_MATERIAL PROVIDED_.
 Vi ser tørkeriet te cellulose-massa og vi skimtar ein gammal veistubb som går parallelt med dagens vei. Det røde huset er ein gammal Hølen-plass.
--
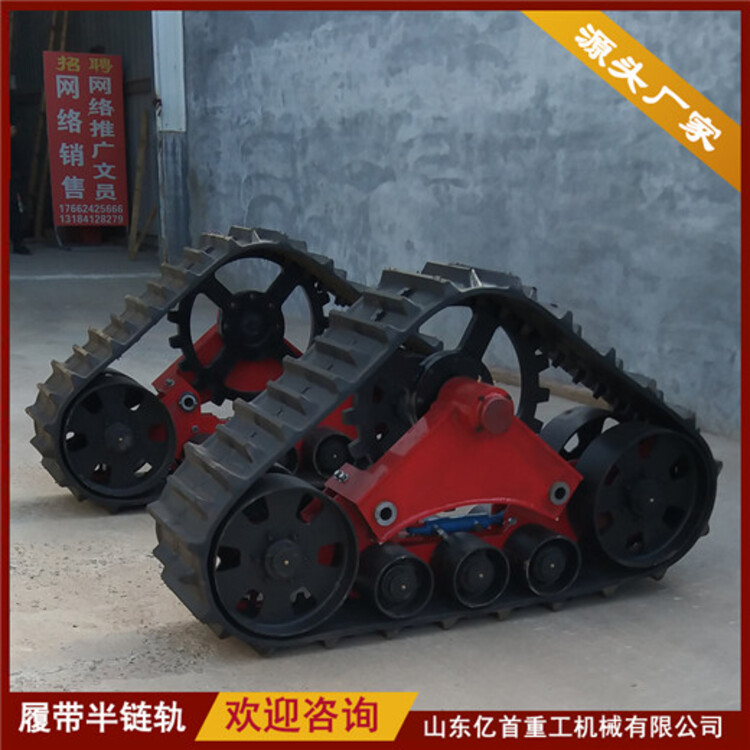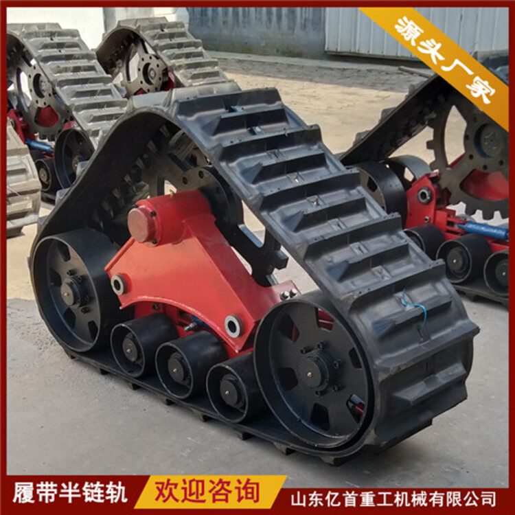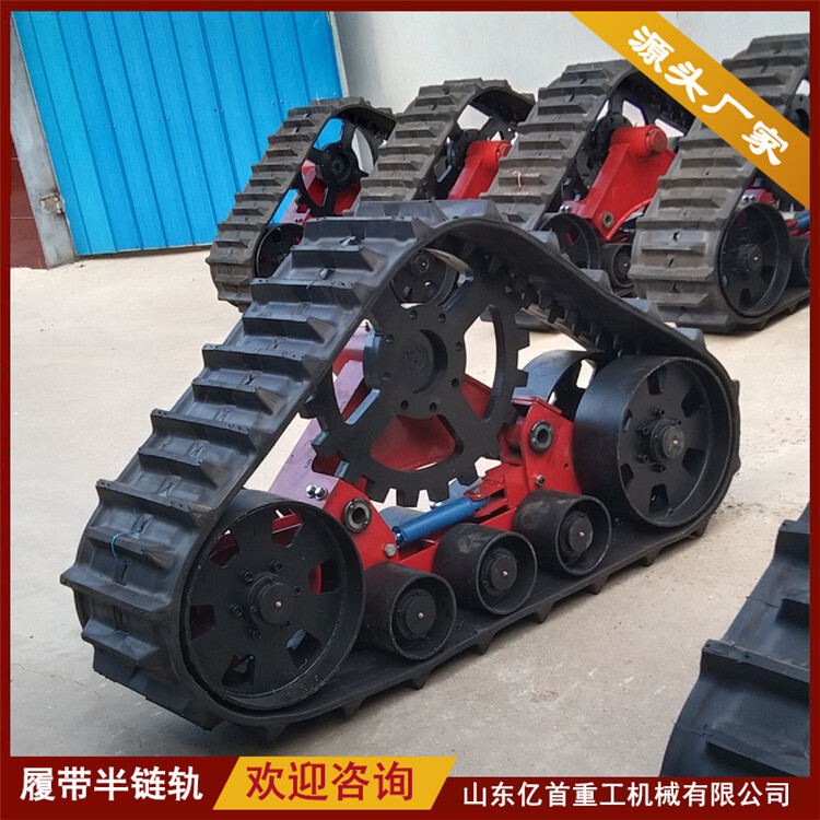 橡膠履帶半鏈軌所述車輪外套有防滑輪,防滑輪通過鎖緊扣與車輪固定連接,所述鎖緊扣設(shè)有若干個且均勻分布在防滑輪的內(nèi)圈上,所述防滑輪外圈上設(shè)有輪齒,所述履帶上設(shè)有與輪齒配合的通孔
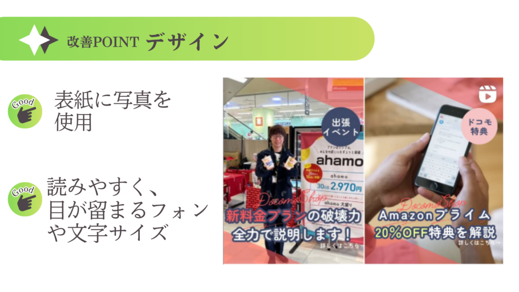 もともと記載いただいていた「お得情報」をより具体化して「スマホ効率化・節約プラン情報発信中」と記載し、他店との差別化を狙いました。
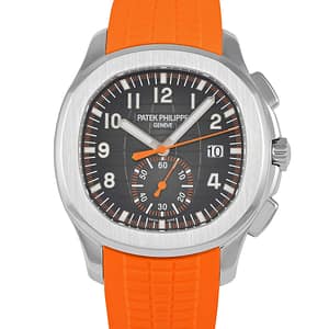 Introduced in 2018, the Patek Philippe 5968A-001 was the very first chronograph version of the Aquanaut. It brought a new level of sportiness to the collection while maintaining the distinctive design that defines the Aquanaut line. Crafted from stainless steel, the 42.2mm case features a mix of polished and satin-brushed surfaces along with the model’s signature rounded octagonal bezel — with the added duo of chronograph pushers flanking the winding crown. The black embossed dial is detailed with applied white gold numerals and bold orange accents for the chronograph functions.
--
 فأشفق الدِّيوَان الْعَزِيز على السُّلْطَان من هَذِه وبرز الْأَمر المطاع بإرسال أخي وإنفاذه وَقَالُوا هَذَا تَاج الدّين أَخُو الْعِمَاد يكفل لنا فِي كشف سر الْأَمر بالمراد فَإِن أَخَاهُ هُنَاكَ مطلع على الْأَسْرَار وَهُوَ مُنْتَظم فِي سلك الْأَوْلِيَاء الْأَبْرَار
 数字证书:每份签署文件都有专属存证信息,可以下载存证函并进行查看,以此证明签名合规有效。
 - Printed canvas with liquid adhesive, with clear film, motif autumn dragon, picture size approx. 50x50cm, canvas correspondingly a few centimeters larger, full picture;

_WORK ORDER_. Retype the records above, but only those lines that fall between the line containing "فأشفق الدِّيوَان الْعَزِيز" and the line containing "- Printed canvas", with both of those lines included, exactly as written.

_ANSWER BOX_.
 فأشفق الدِّيوَان الْعَزِيز على السُّلْطَان من هَذِه وبرز الْأَمر المطاع بإرسال أخي وإنفاذه وَقَالُوا هَذَا تَاج الدّين أَخُو الْعِمَاد يكفل لنا فِي كشف سر الْأَمر بالمراد فَإِن أَخَاهُ هُنَاكَ مطلع على الْأَسْرَار وَهُوَ مُنْتَظم فِي سلك الْأَوْلِيَاء الْأَبْرَار
 数字证书:每份签署文件都有专属存证信息,可以下载存证函并进行查看,以此证明签名合规有效。
 - Printed canvas with liquid adhesive, with clear film, motif autumn dragon, picture size approx. 50x50cm, canvas correspondingly a few centimeters larger, full picture;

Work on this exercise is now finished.